Shared infrastructure, isolated tenants: Pool model multi-tenancy with Amazon Bedrock AgentCore

0 5 12 minutes read

Shared infrastructure, isolated tenants: Pool model multi-tenancy with Amazon Bedrock AgentCore

Building multi-tenant AI applications presents new architectural challenges. You need complete tenant isolation between customers, different service tiers with different capabilities, granular cost tracking, and observability per tenant. Without these, you could risk exposing customer data, not providing appropriate quality of service to your customers or running up unforeseen costs.

In this post, you will learn patterns for implementing production-ready multi-tenant systems using Amazon Bedrock AgentCore. You will see these patterns demonstrated through healthcare AI agents that serve multiple clinics and hospitals. While the post uses healthcare as the example domain, the architectural patterns and implementation techniques apply broadly to various multi-tenant AI applications. Whether you’re building SaaS platforms, enterprise solutions serving multiple business units, or managed services for different customer organizations, you can use these architectural patterns to build your solution.

What you’ll learn

How to implement complete tenant isolation in agentic applications using native AWS capabilities.
Patterns for service tier differentiation with minimal custom code.
Techniques for granular cost attribution per tenant.
Best practices for scalable multi-tenant AI architectures.

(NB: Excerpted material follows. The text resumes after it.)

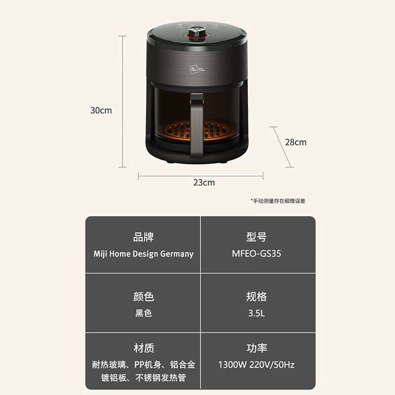 商品名称:米技(Miji Home)玻璃空气炸锅 MFEO-GS35 3.5L

This blog post is part 2 of the series, Building multi-tenant agents with Amazon Bedrock AgentCore. Part 1 explores design considerations for architecting multi-tenant agentic applications and the framework needed to address SaaS architecture challenges with Amazon Bedrock AgentCore.

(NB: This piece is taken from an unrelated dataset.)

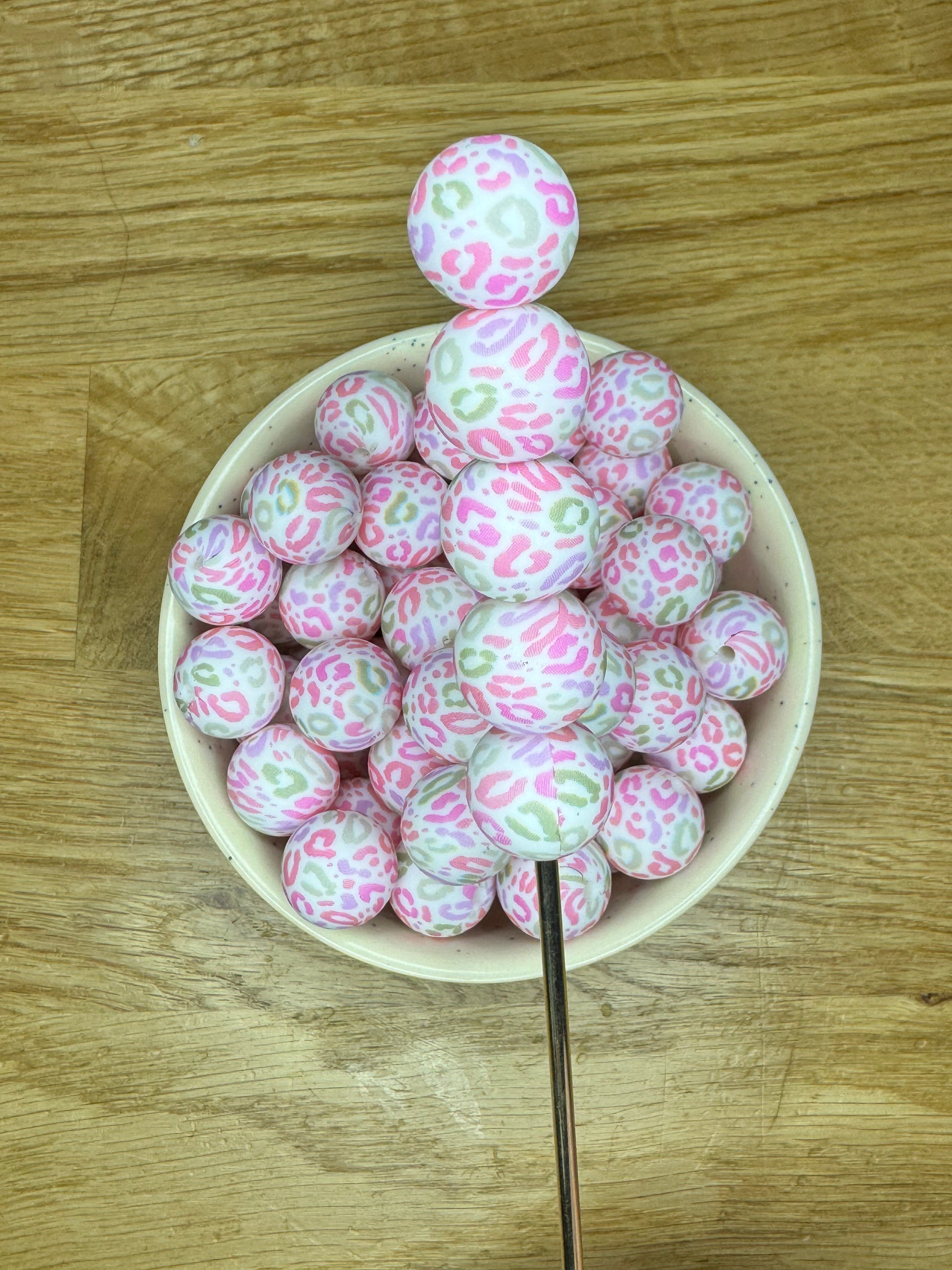 15mm Pink Cheetah Silicone Bead

GitHub repo for the sample code:

Solution overview

This solution demonstrates how to use native capabilities of Amazon Bedrock AgentCore to achieve complete tenant isolation using AWS-managed services. The architecture implements a three-level hierarchy: Tier → Tenant → User, where you enforce isolation at every layer through documents in knowledge base, memory, model access, and cost tracking. A tiering strategy is a common pattern in SaaS applications where tenants are grouped into distinct service tiers based on their needs – such as Basic and Premium, usage patterns, or pricing plans. Each tier defines a set of features and quality of service available to tenants within that group. This approach allows SaaS providers to serve a diverse customer base with differentiated experiences while maintaining operational efficiency.

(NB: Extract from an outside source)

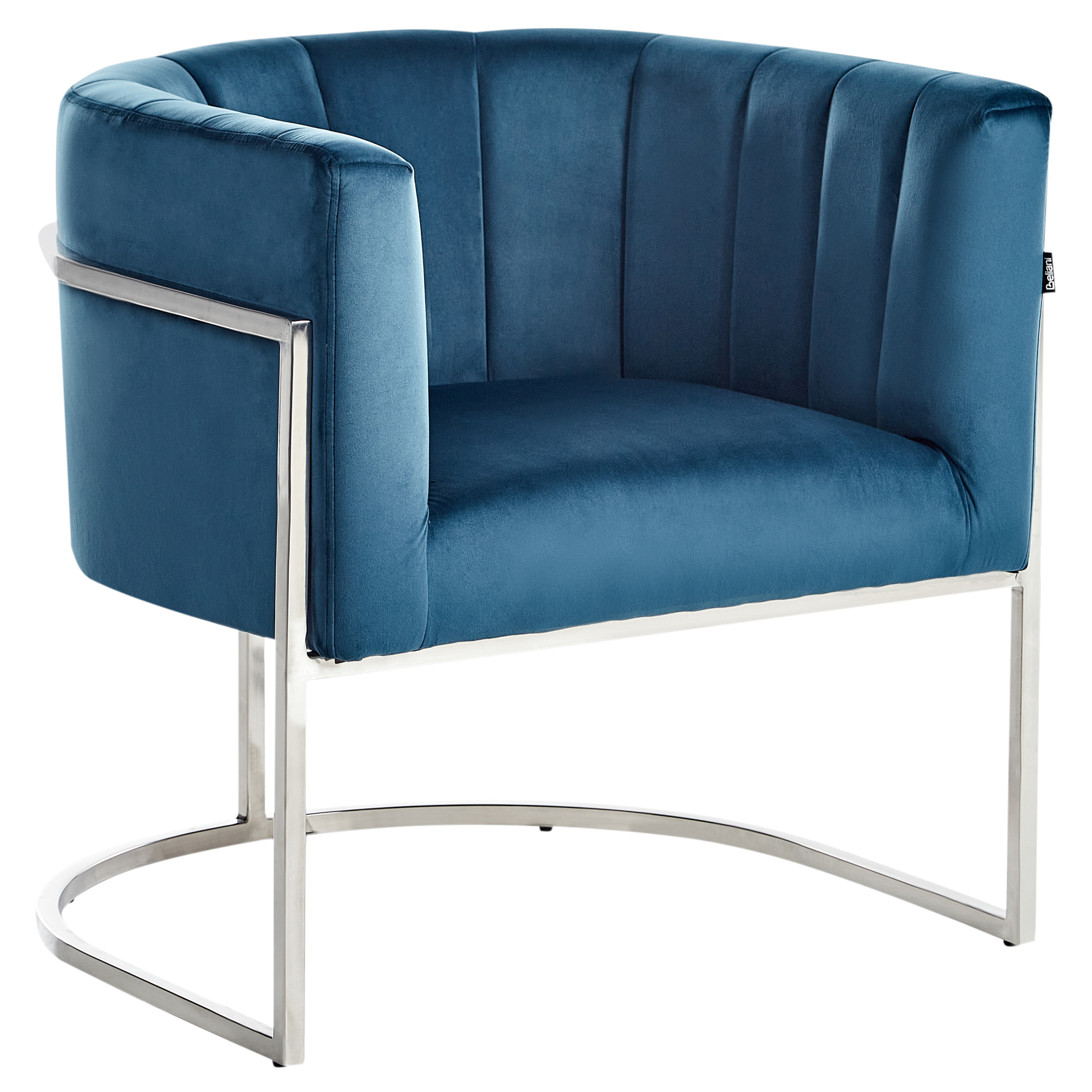 Kaunis samettinen nojatuoli. Tämä puhdaslinjainen ja yksinkertaisen muotoilun omaava nojatuoli sulautuu erinomaisesti moderneihin tai vintage-tyylisiin sisustuksiin. Pehmeällä ja helppohoitoisella sinisellä samettikankaalla verhoillussa tuolissa on matala, kaareva selkänoja, jonka pystytikkaus muistuttaa simpukkaa. Tukevien, ruostumattomasta teräksestä valmistettujen hopeanväristen jalkojen ansiosta se on sekä vakaa että tyylikäs, tuoden tilaan vanhan Hollywoodin glamour-tyyliä.

Healthcare AI assistant example

To see how this works in practice, the example solution implements two service tiers for tier-based differentiation:

Basic Tier: Designed for small clinics and practices that primarily need straightforward document search and retrieval. Because these tasks are well-suited to a smaller, cost-effective model, this tier uses Mistral Ministral 3 8B Instruct, keeping costs low while still delivering accurate results for simple queries.
Premium Tier: Designed for hospitals and specialty centers that require complex clinical analysis. This tier uses OpenAI GPT OSS 120B with advanced reasoning capabilities for accurate tool selection, including the web search tool which is only available to premium tier customers.

Within each tier, this solution uses a pool isolation model, where tenants share the same underlying infrastructure and compute resources rather than having dedicated, siloed resources per tenant. The pool model maximizes resource utilization and simplifies operations, while tenant isolation is enforced through logical separation mechanisms such as scoped identifiers, access policies, and data partitioning. Combining a tiering strategy with a pool model enables you to balance cost efficiency with the flexibility to offer differentiated service levels.

Architecture

Let’s look at how primitives from AgentCore come together to solve these multi-tenancy challenges. The following diagram illustrates the multi-tenant architecture for the solution, showing how requests flow from authenticated users through tier-specific agents to isolated document storage:

Figure 1: Multi-tenant architecture with hierarchical isolation (Tier → Tenant → User).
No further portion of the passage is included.